- _WHAT YOU SHOULD DO_
In the records below, the part to copy starts at the line containing "Whale Huys Oceanfront Eco Villa is" and goes to the last line; output it exactly, without pictures.

(Source data)
*****

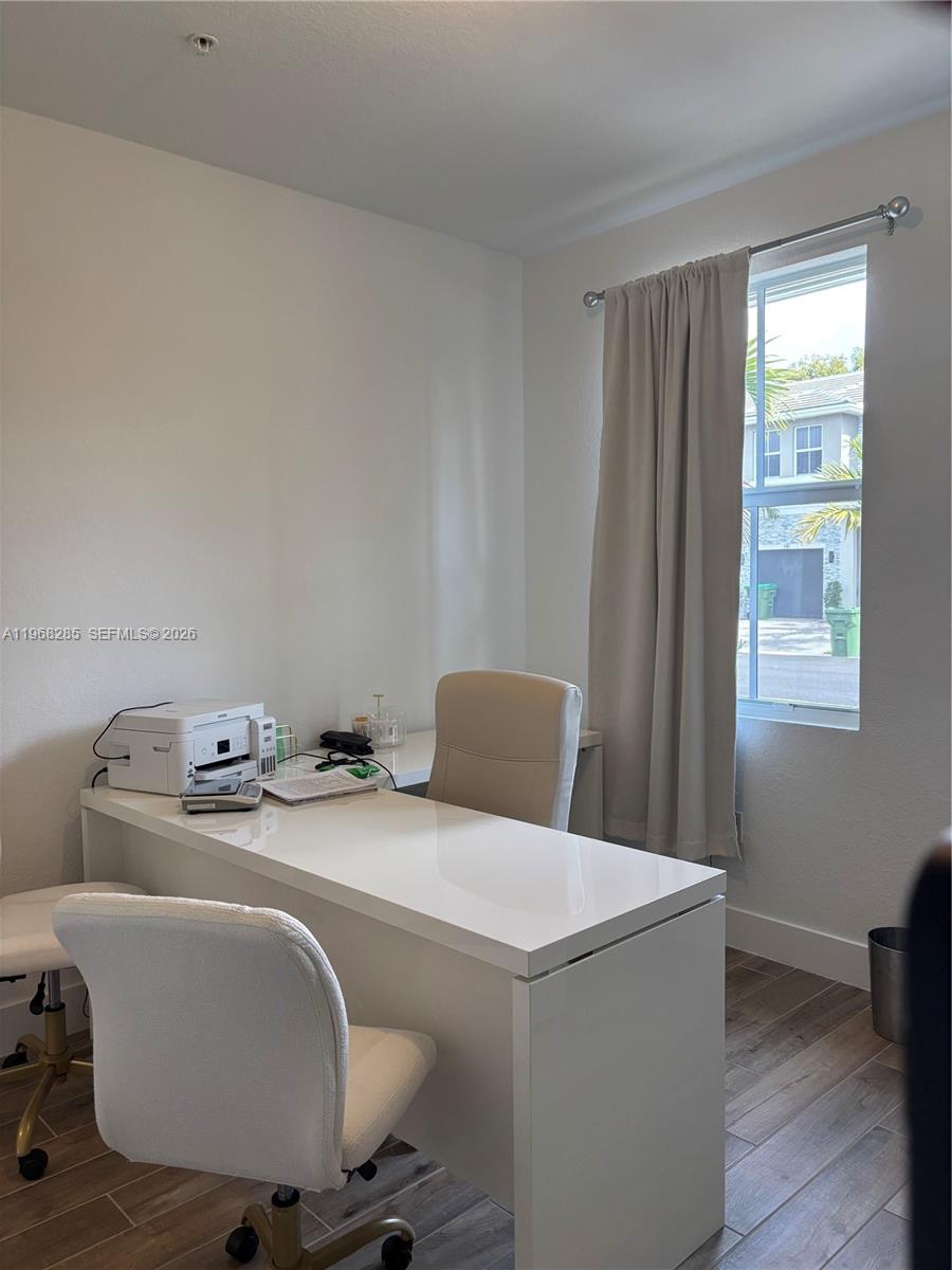 Welcome to Merrick Square gated community at Pembroke Pines. Beautiful corner 2 story townhouse 4 bedrooms & 3 bathrooms, 1 bedroom on 1st floor and a full bath frameless shower. Open kitchen concept equipped with stainless steel appliances, quartz countertops, beautiful cabinetry in white color. 1 car garage plus 2 more parking spaces in driveway. On 2nd floor ample master bedroom with an ample walk in closet, master bathroom with his & her sink & frameless shower. 3rd bathroom has a tub. laundry room.
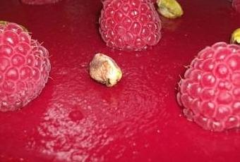 - Dans un poêlon diluez l'agar agar dans le coulis de framboises, puis faites bouillir 1 minutes.
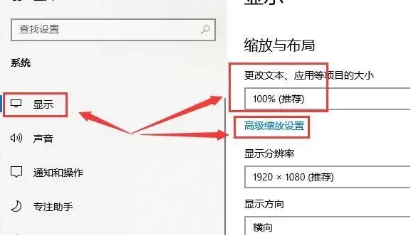 2、然后在“显示”一栏中,将“缩放与布局”改成100(推荐)。然后点击下方的“高级缩放设置”
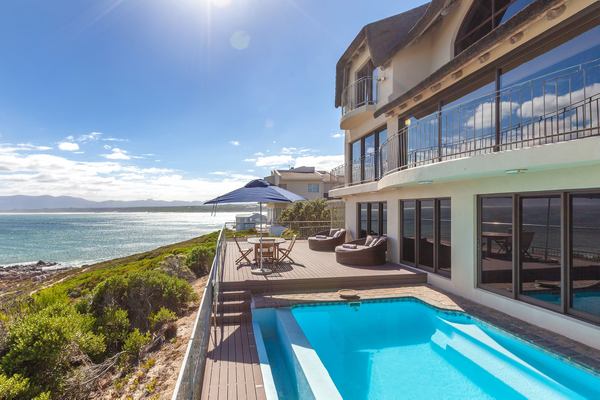 Whale Huys Oceanfront Eco Villa is a four-bedroom, multi-level, self-catering home set on a clifftop in De Kelders near Gansbaai. With unobstructed sea views visible from all its living areas and bedrooms, Whale Huys Oceanfront Eco Villa combines the warmth and character of traditional thatched roof...
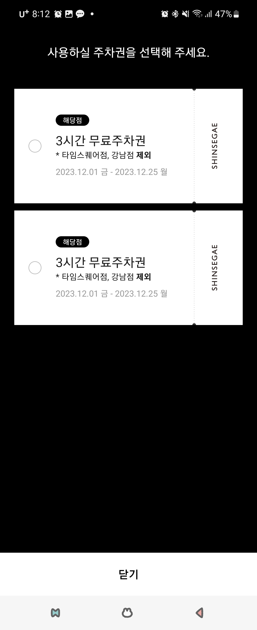 ▶ 먼저 신세계 백화점의 회원이라면 매월 3시간 주차권 2매를 지급받습니다. 아쉽게도 신세계 백화점 마산점, 타임스퀘어점, 스타필드 하남점에서는 3시간 무료 주차권 혜택을 지원하지 않습니다.
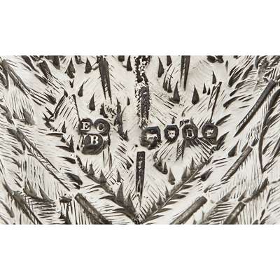 Richards and Brown (Edward Charles Brown), London 1869-1871, each well modelled and comprising; a large mustard pot and hinged cover with liner, a pair of pepperettes; a single pepperette or salt, each with original glass eyes, gilt interiors, mustard with glass liner

*****

- _COMPLETED TASK_
 Whale Huys Oceanfront Eco Villa is a four-bedroom, multi-level, self-catering home set on a clifftop in De Kelders near Gansbaai. With unobstructed sea views visible from all its living areas and bedrooms, Whale Huys Oceanfront Eco Villa combines the warmth and character of traditional thatched roof...
 ▶ 먼저 신세계 백화점의 회원이라면 매월 3시간 주차권 2매를 지급받습니다. 아쉽게도 신세계 백화점 마산점, 타임스퀘어점, 스타필드 하남점에서는 3시간 무료 주차권 혜택을 지원하지 않습니다.
 Richards and Brown (Edward Charles Brown), London 1869-1871, each well modelled and comprising; a large mustard pot and hinged cover with liner, a pair of pepperettes; a single pepperette or salt, each with original glass eyes, gilt interiors, mustard with glass liner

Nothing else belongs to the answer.